Abstract Ubrogepant is a calcitonin gene–related peptide receptor antagonist for the acute treatment of migraine. Esomeprazole magnesium increases intragastric pH, which may affect oral ubrogepant absorption. This open‐label, nonrandomized, crossover trial evaluated esomeprazole magnesium's impact on the pharmacokinetics and safety of coadministered ubrogepant in healthy adults.

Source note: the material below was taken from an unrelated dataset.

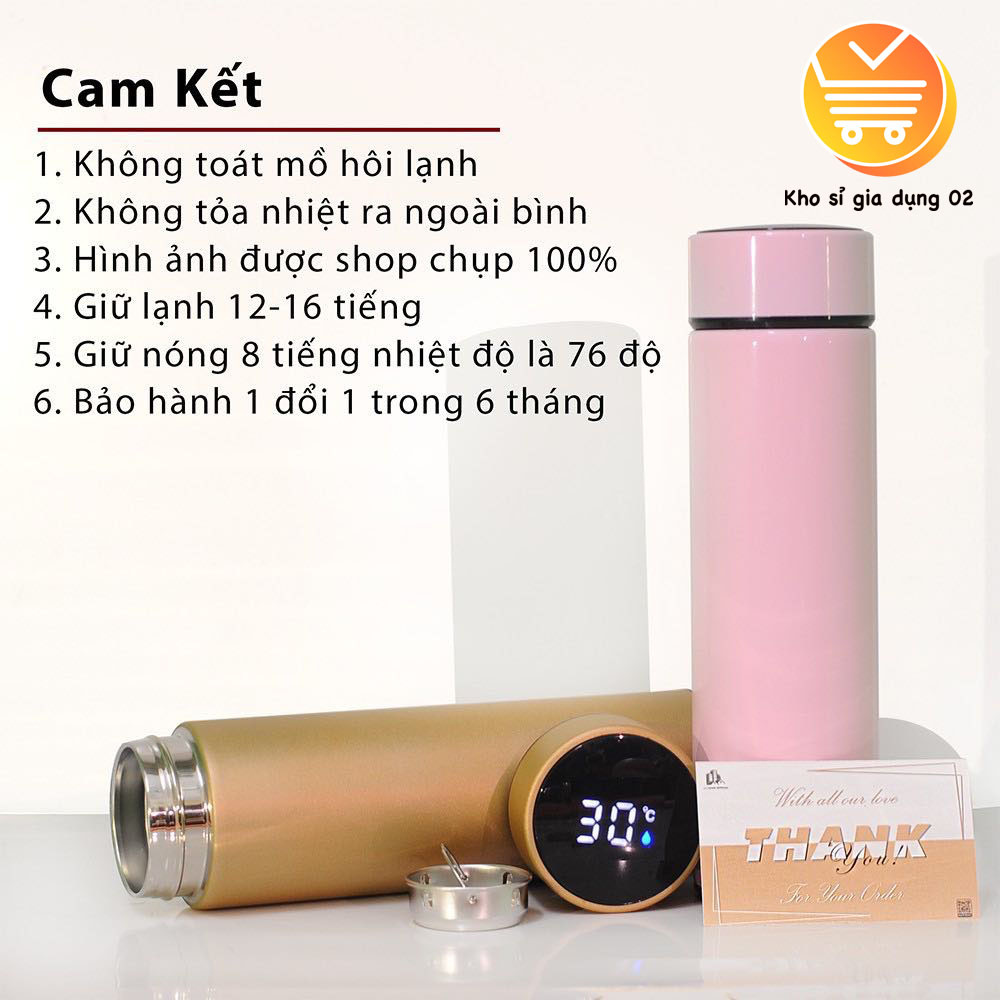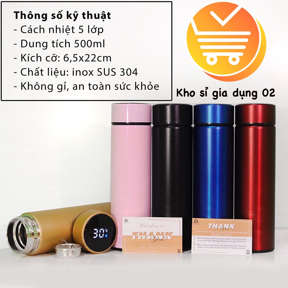 Bình Giữ Nhiệt 500ml Hiển Thị Nhiệt Độ Có Bảo Hành - Bình Ly Giữ Nhiệt INOX 304 Có Nhiệt Kế Thông Minh Hiển Thị Nhiệt Độ

Participants received ubrogepant 100 mg on day 1, esomeprazole magnesium 40 mg on days 9 to 13, and ubrogepant 100 mg with esomeprazole magnesium 40 mg on day 14. No effect on ubrogepant pharmacokinetics was concluded if 90% confidence intervals of geometric mean ratios were within 80% to 125% for comparison of pharmacokinetic parameters between ubrogepant + esomeprazole magnesium versus ubrogepant alone. Thirty participants enrolled (mean age, 31.7 years; 53.3% males). Ubrogepant peak plasma concentration (C max ) decreased 23%, time to C max increased by 1.5 hours, and area under the plasma concentration‐time curve was reduced by ≈10% when coadministered with esomeprazole magnesium versus ubrogepant alone. The 90% confidence interval of the geometric mean ratio for C max did not fall within the 80% to 125% equivalence range, but the decrease was not considered clinically meaningful. Esomeprazole magnesium coadministered with ubrogepant did not increase the incidence rate of treatment‐emergent adverse events, and interactions between the medications are likely to have limited clinical relevance.